### DESCRIPTION OF THE TASK
Images aside, return all the entries exactly.

### SUPPLIED DATA ###

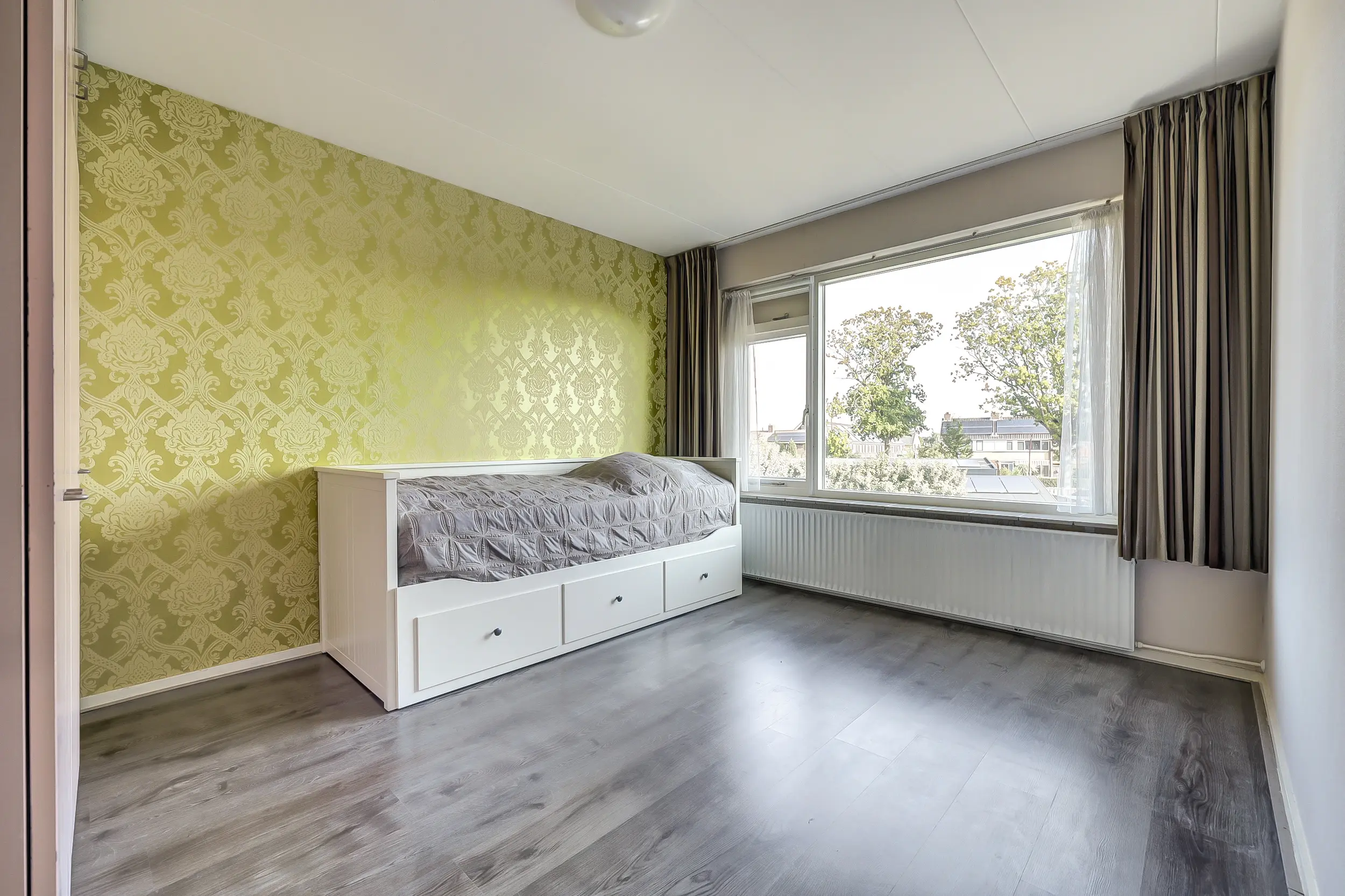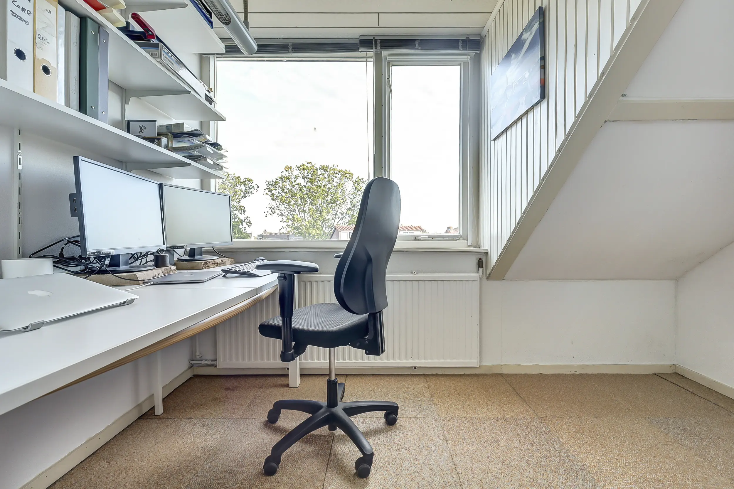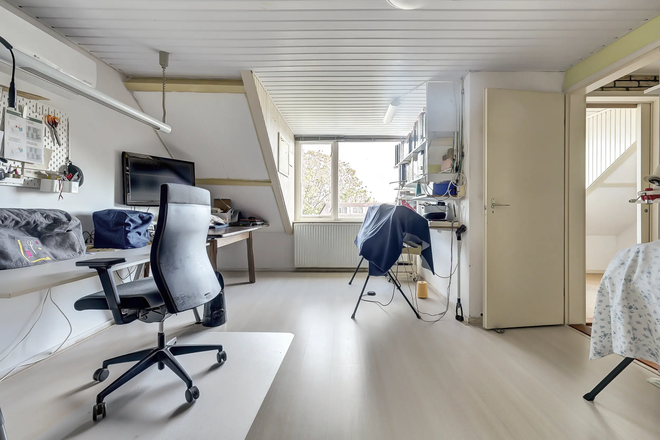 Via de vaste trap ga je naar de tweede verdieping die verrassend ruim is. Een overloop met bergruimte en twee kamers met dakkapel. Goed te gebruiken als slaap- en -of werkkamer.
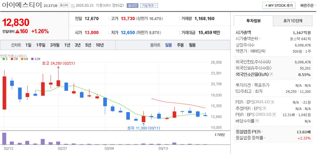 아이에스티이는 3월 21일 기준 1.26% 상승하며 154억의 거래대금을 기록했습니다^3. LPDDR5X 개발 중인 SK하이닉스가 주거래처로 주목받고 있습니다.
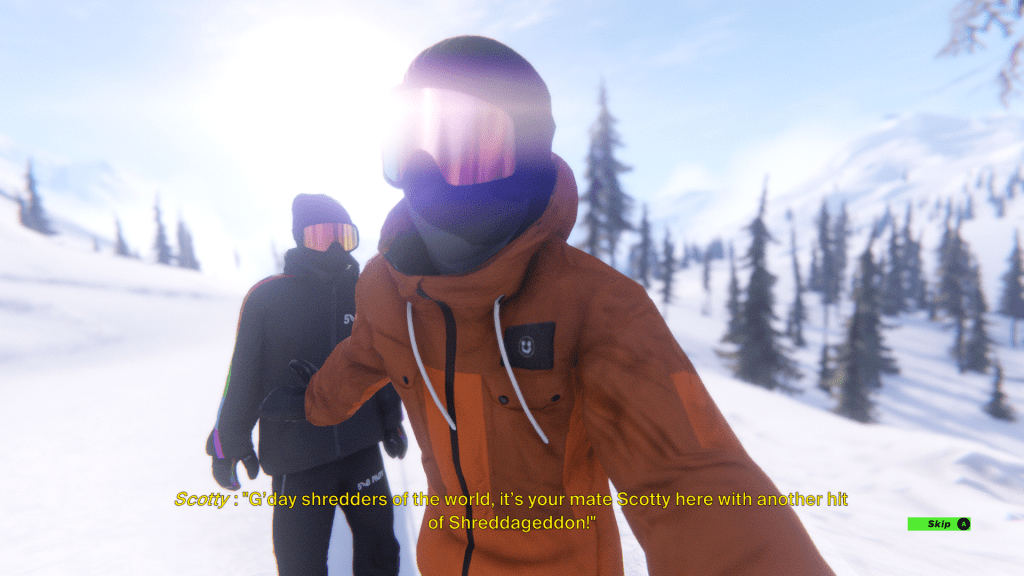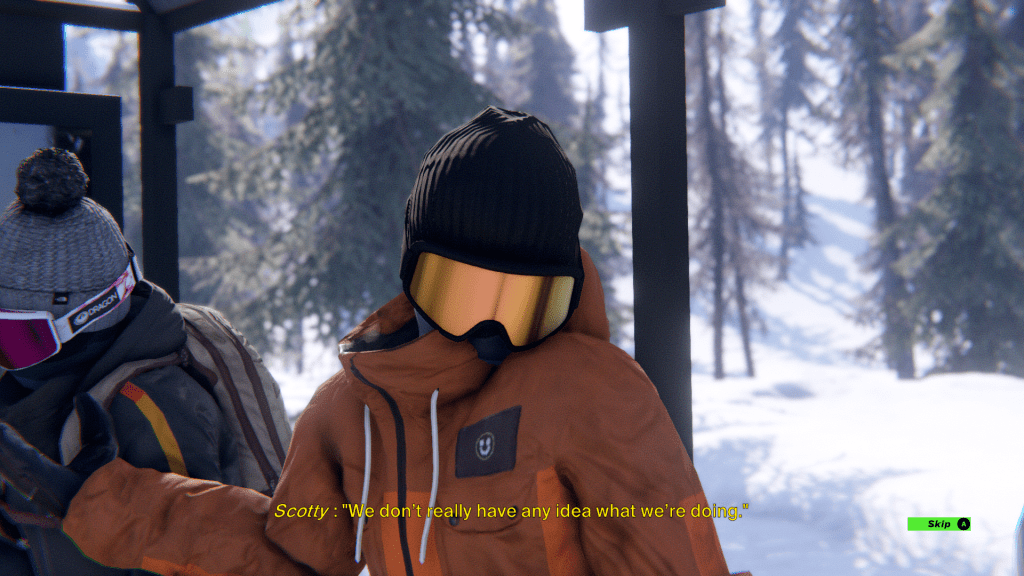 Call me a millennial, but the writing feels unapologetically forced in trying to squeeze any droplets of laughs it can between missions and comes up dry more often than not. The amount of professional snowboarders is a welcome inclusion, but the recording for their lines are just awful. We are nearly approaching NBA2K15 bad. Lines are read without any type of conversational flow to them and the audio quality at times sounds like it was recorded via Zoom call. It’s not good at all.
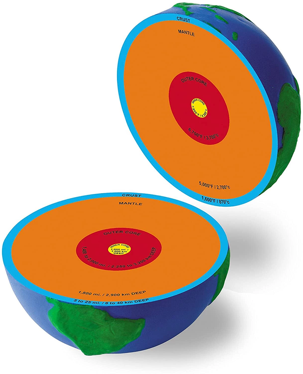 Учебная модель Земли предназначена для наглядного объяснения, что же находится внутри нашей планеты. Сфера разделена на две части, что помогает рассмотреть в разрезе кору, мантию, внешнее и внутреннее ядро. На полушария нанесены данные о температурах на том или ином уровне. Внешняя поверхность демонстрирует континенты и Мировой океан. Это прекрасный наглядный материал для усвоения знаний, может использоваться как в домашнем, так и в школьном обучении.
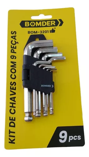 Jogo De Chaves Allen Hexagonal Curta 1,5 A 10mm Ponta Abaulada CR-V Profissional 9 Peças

###

### RESULT OF THE TASK
 Via de vaste trap ga je naar de tweede verdieping die verrassend ruim is. Een overloop met bergruimte en twee kamers met dakkapel. Goed te gebruiken als slaap- en -of werkkamer.
 아이에스티이는 3월 21일 기준 1.26% 상승하며 154억의 거래대금을 기록했습니다^3. LPDDR5X 개발 중인 SK하이닉스가 주거래처로 주목받고 있습니다.
 Call me a millennial, but the writing feels unapologetically forced in trying to squeeze any droplets of laughs it can between missions and comes up dry more often than not. The amount of professional snowboarders is a welcome inclusion, but the recording for their lines are just awful. We are nearly approaching NBA2K15 bad. Lines are read without any type of conversational flow to them and the audio quality at times sounds like it was recorded via Zoom call. It’s not good at all.
 Учебная модель Земли предназначена для наглядного объяснения, что же находится внутри нашей планеты. Сфера разделена на две части, что помогает рассмотреть в разрезе кору, мантию, внешнее и внутреннее ядро. На полушария нанесены данные о температурах на том или ином уровне. Внешняя поверхность демонстрирует континенты и Мировой океан. Это прекрасный наглядный материал для усвоения знаний, может использоваться как в домашнем, так и в школьном обучении.
 Jogo De Chaves Allen Hexagonal Curta 1,5 A 10mm Ponta Abaulada CR-V Profissional 9 Peças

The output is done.